A metaphor makes a single comparison between two things: "Napoleon was a wolf in sheep's clothing." It operates in one sentence or image.
An allegory extends this across the entire text: Napoleon is not compared to a dictator in one scene — he is, systematically and consistently, an embodiment of Stalin across every chapter of the novel. Every action he takes carries political meaning; his character exists to represent something beyond himself.
A good way to test this: if you can remove a device from the text without losing the story, it is probably a symbol or metaphor. If removing the secondary layer of meaning would make the entire text meaningless, it is allegory.
Why do writers use allegory?
Allegory has been used throughout literary history for a specific purpose: to make it safe to discuss dangerous ideas. Orwell wrote Animal Farm as a critique of Stalinist Russia when Stalin was an ally of Britain in the Second World War — attacking him directly would have been politically hazardous. By disguising the critique as a farmyard fable, Orwell could publish it while maintaining a degree of deniability.
Similarly, religious allegory allowed medieval writers to explore complex theological ideas through accessible stories, and political allegory allows contemporary writers to comment on power structures through fiction that avoids direct confrontation.
Frequently asked questions
Is every story with a moral an allegory?
No. A fable (like Aesop's fables) has a moral, but a moral is usually a single lesson stated at the end. An allegory is a sustained, systematic parallel where every element of the story maps to a secondary meaning.
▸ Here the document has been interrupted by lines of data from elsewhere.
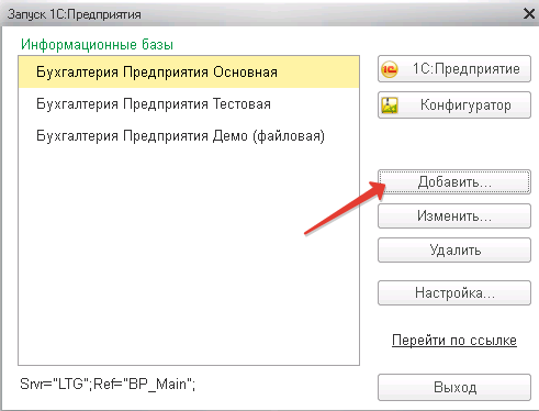 1) Запускаем ярлык 1С. В списке баз необходимо нажать кнопку "Добавить":
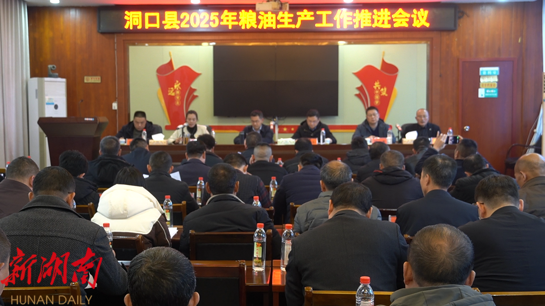 洞口融媒3月15日讯( 记者:江京晟) 3月14日下午,洞口县2025年粮油生产工作推进会议在县农业农村局召开,国家统计局邵阳调查队党组成员、副队长贺旅东,县委常委、副县长张纲学出席会议并讲话。
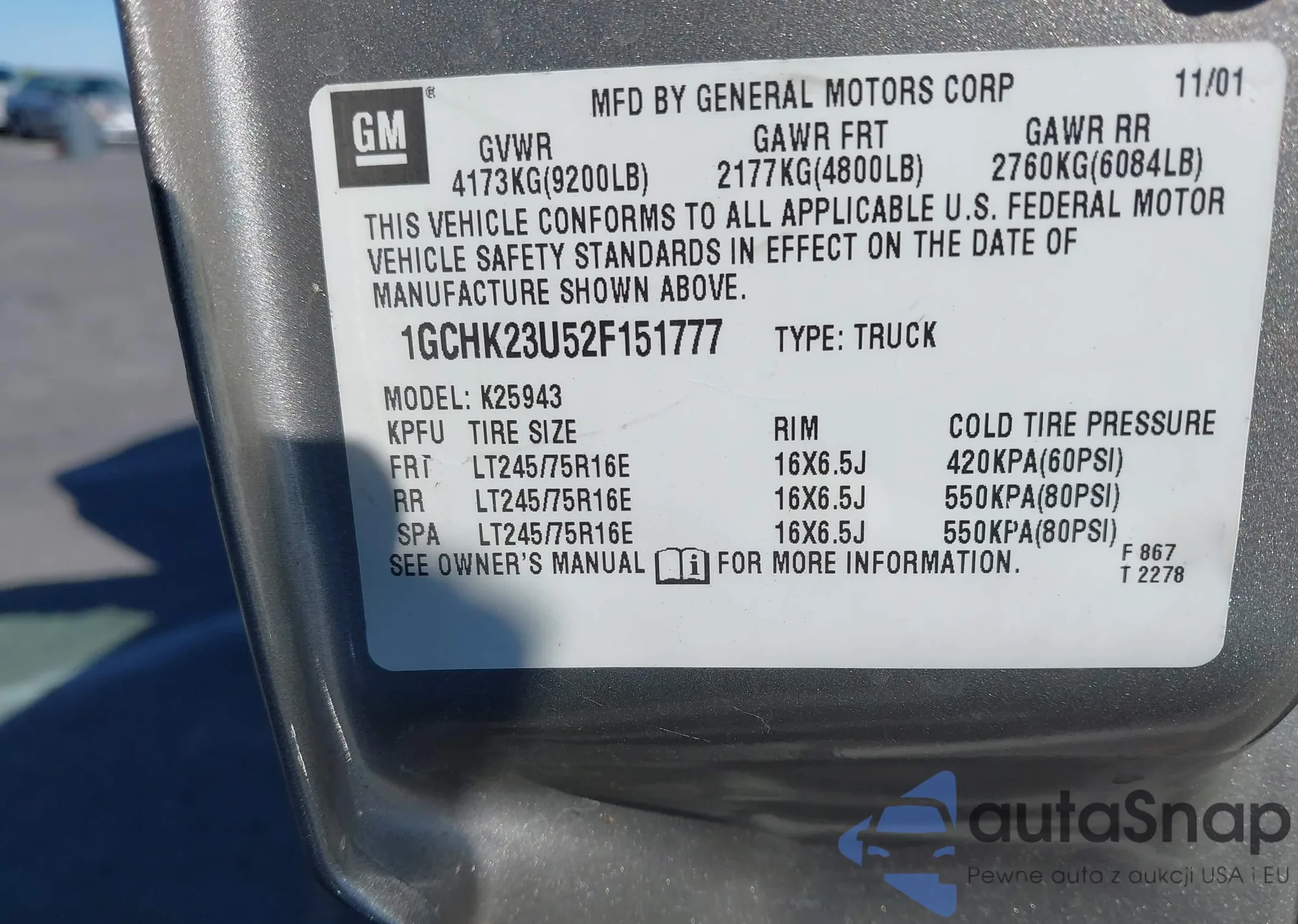LOT: 42677362 VIN: 1GCHK23U52F151777
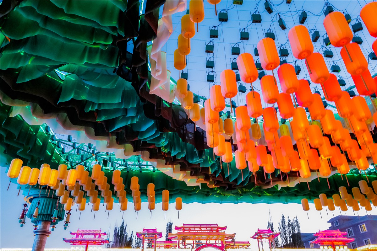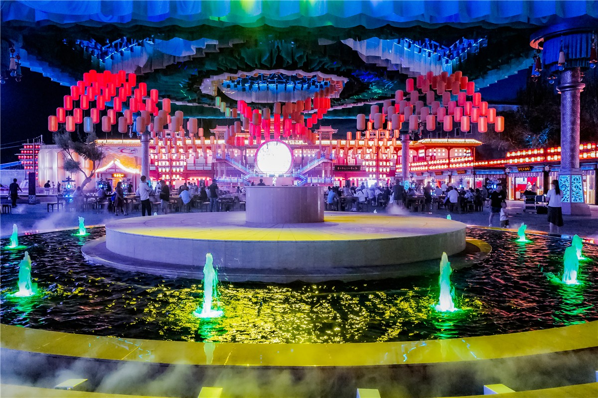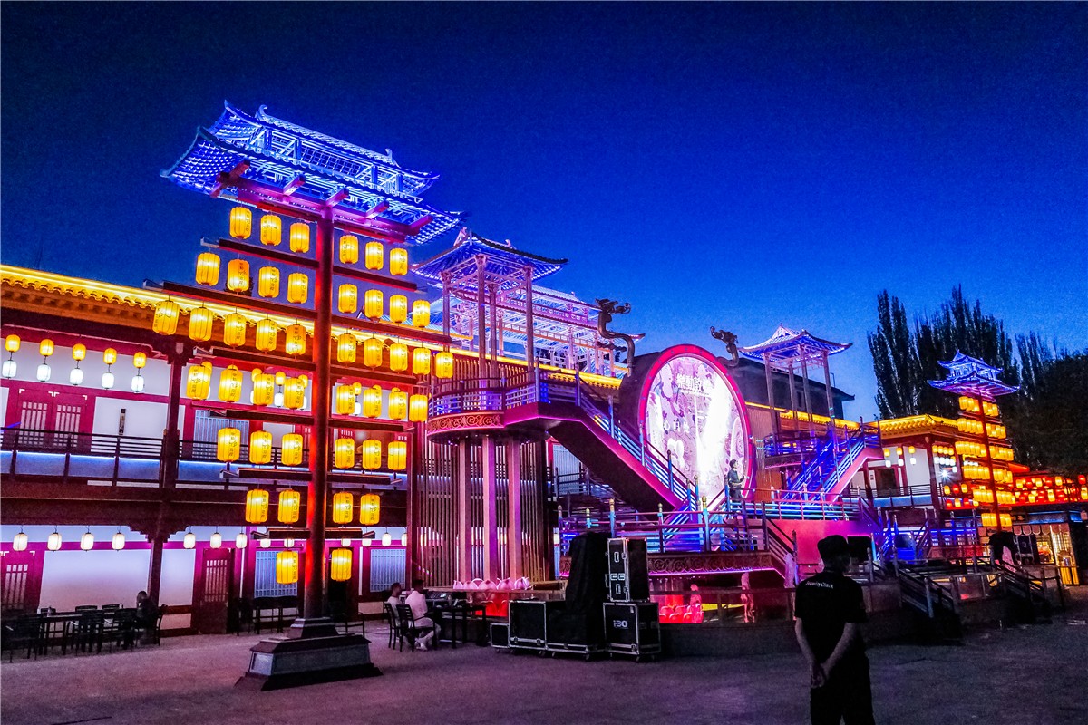 以古丝绸之路文化交融为背景打造的丝路非遗文化互动街区,云阙飞仙牌楼、宾至叠瀑、云阙仙宫、大唐安康踏歌台、燃灯塔......让观众仿佛梦回大唐盛世。
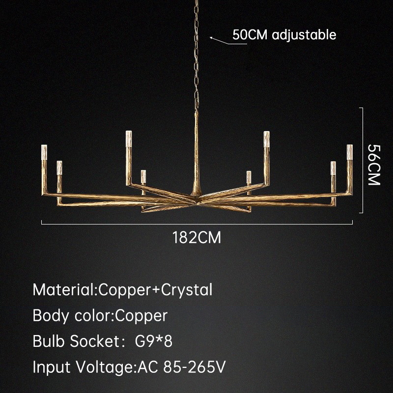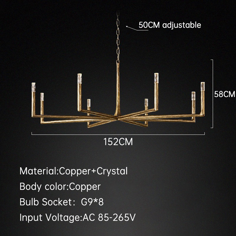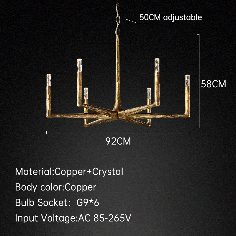 Full Copper Crystal Chandelier American Vintage Villa Living Room Dining Room High-End Art Decoration Lighting

Most stories have themes without being allegories; an allegory requires that the entire narrative function as a representation of something else.
Do authors always intend their work to be read as allegory?
Not always. Some allegories are explicit — Bunyan's Pilgrim's Progress names characters "Faithful" and "Hopeful" to make the allegory clear. Others are more ambiguous: Lewis denied that The Lion, the Witch and the Wardrobe was intended as straightforward Christian allegory, preferring to call it a "supposition." At KS3 and GCSE, it is usually safer to write "the text can be read as an allegory for..." rather than asserting a definitive authorial intention.
How do you write about allegory in an essay?
Name what is being allegorised and explain the mapping in specific detail. "The pigs can be seen as an allegory for the Soviet leadership" is a starting point; the stronger analysis connects specific characters or events to specific real-world parallels and explains what Orwell's point is in drawing that parallel. Ask: what does the allegorical reading reveal that the literal reading alone would not?
Can a short poem be an allegory?
Yes. Shorter allegories include Blake's "The Tyger" and "The Lamb" from Songs of Innocence and Experience, which can be read as allegories of innocence and experience, or of competing conceptions of God. Length does not determine whether something is allegorical — systematic, sustained parallel meaning does.